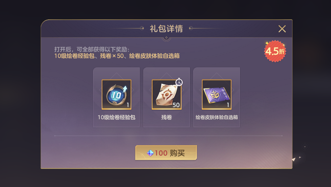 繪卷禮包限時(shí)開售,禮包內(nèi)含10級繪卷經(jīng)驗(yàn)包、殘卷*50、繪卷皮膚體驗(yàn)自選箱。
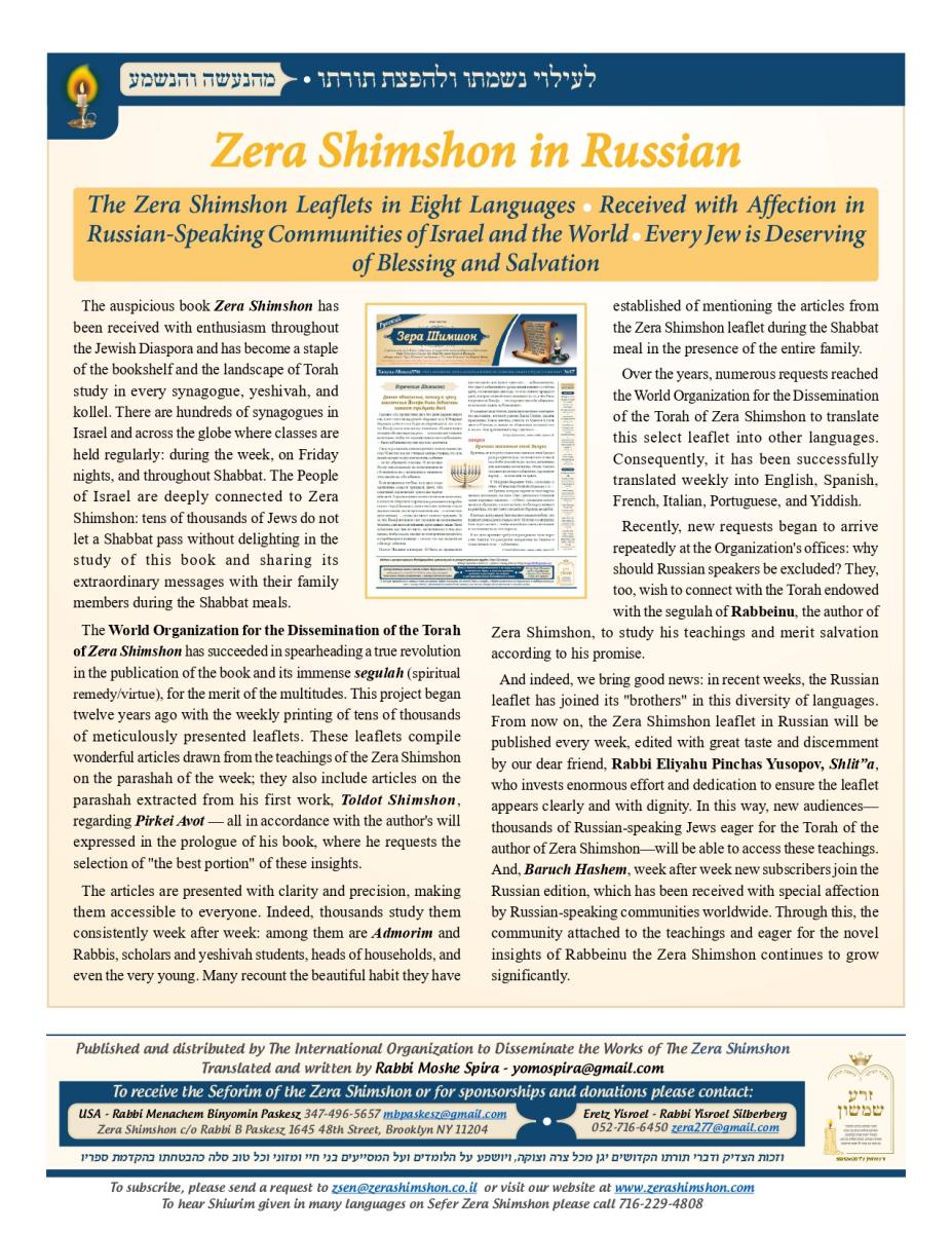 Zera Shimshon - Rabbi Shimshon Chaim ben Rabbi Nachman Michal Nachmani, was a Rabbi of four large communities throughout Italy and in his end of life in the city Reggio Emilia. Rabbi Shimshon Chaim 'Niftar' in the year 1779 in the city Reggio in Itlay. During his funeral, there were many words of praise, not just in his erudition of Torah, but on his love for the Jewish people. The communities in Italy and abroad considered Rabbi Shimshon Chaim their Rebby. Major Rabbis in his generation, wrote amazing things in his honor and wisdom. Including One of the outstanding rabbis figures the 'Hida' (Rabbi Haim Yosef David Azulai ben Rabbi Rephael Yitzhak Zerachia) had testify on Rabbi Shimshon Chaim praise in 'Kedushah' and wisdom and also knowledge in studying 'Kabala' and practical 'Kabala'. Rabbi Shimshon Chaim lived in 'Or ha-Ḥayyim' 'Hakadosh' (Rabbi Chaim ben Atar ben Rabbi Moshe) era, and was in friendship with him. Rabbi Shimshon Chaim had only one child, a son, who died at a young age. Upon this Rabbi Shimshon Chaim decided to dedicate his 'Sefarim' to the memory of this child who had no continuity of a family. In the beginning of his book Rabbi Shimshon Chaim wrote that he need to leave some memory in this world because he has no continuity. And that’s why he wrote the book and named it: "Zera Shimshon", means the Seed of Shimshon. Rabbi Shimshon Chaim publish the book one year before he died. Rabbi Shimshon Chaim placed a lot of his energy, during his lifetime that people should learn from his ''Sefarim''. Rabbi Shimshon Chaim also emphasized, that after his 'Neshama', will leave this world that people should continue to learn from his ''Sefarim''. What is most unusual for a Tzadik of this stature, was that he made a promise. That promise is that anyone that takes upon himself to learn from his writing, he promises "children, praise, health, 'Parnasa', wealth, honor".
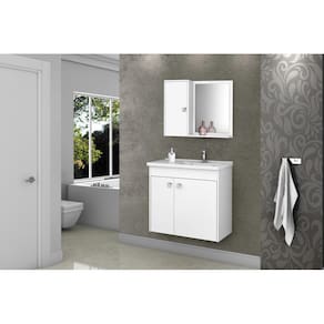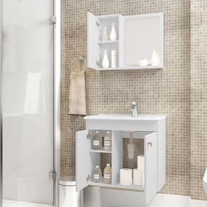 Modelo: MuniqueMaterial do móvel: MDF e lavatório em mármore sintéticoAcabamento: Pintura UV Altura do gabinete: 54 cmLargura do gabinete: 56 cmProfundidade do gabinete: 29,6 cmQuantidade de gavetas: Não se aplicaQuantidade de portas: 02Material das dobradiças: MetálicasCom puxador: SimMaterial do puxador: Plástico cromadoQuantidade de prateleiras: Não se aplicaInclui espelheira: SimAltura da espelheira: 46 cmLargura da espelheira: 57,5 cmProfundidade da espelheira: 10 cmQuantidade de portas: 01Material das dobradiças: MetálicasQuantidade de prateleiras: 01Inclui torneira: NãoInclui Válvula: NãoInclui kit hidráulico: NãoRequer montagem: Sim (kit montagem incluso)Embalagem do envio: Papelão e plásticoInformações adicionais:- Os objetos que ambientam as fotos não acompanham o produto;- O produto será entregue desmontado;- É de inteira responsabilidade do cliente a montagem do produto e/ou instalação, custos de transporte por escadas e/ou elevadores, guincho ou içamento, assim como possíveis irregularidades provenientes de manuseio inadequado;- Embora o produto acompanhe o manual de montagem, verifique a complexidade antes de decidir montá-lo sozinho, recomendamos que contrate um profissional de sua confiança;- Fique atento, nossas cores podem sofrer alterações dependendo do seu monitor;- ANTES DE MONTAR O SEU PRODUTO, certifique-se que todas as instruções dispostas no manual, bem como todas as ferragens descritas, estejam presentes dentro da embalagem. Verifique se há alguma peça danificada, caso esteja, prestaremos a devida assistência dentro do prazo da garantia.
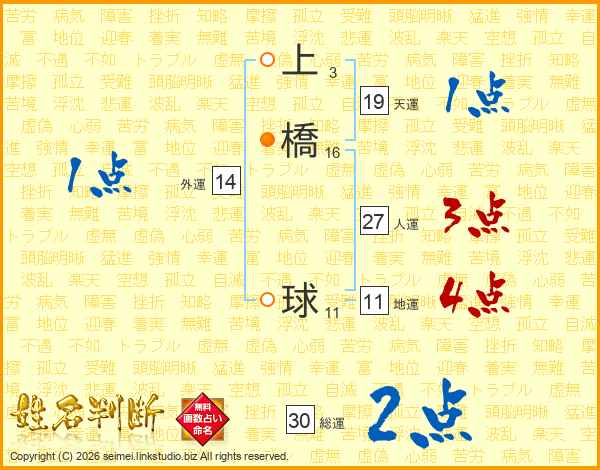 上橋球さんの人運は27画の3点!
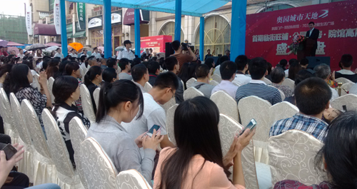 开盘当天早上8点,重庆意昂2城市天地广场及道路两旁早已排起了车龙,从各地冒雨赶来选房的客户已早早签到登记,并陆续进入选房区等候。9点30分,开盘盛典正式开始,全场入场客户有上千余名,到处人头攒动,景象甚是壮观。在选房过程中,场面虽异常火爆,却井然有序、有条不紊,每个工作人员都忙得不可开交,现场客户也翘首以待。据相关人士透露,此次首期开出的轻轨临街商铺、中心院馆高层、城央墅公园洋房受到购房者的疯抢,更有客户一口气买入二十余间商铺。

________________

An exact restatement is expected of the lines from the line containing "上橋球さんの人運は27画の3点!" to the end of the data above, pictures excluded.

### Expected output
 上橋球さんの人運は27画の3点!
 开盘当天早上8点,重庆意昂2城市天地广场及道路两旁早已排起了车龙,从各地冒雨赶来选房的客户已早早签到登记,并陆续进入选房区等候。9点30分,开盘盛典正式开始,全场入场客户有上千余名,到处人头攒动,景象甚是壮观。在选房过程中,场面虽异常火爆,却井然有序、有条不紊,每个工作人员都忙得不可开交,现场客户也翘首以待。据相关人士透露,此次首期开出的轻轨临街商铺、中心院馆高层、城央墅公园洋房受到购房者的疯抢,更有客户一口气买入二十余间商铺。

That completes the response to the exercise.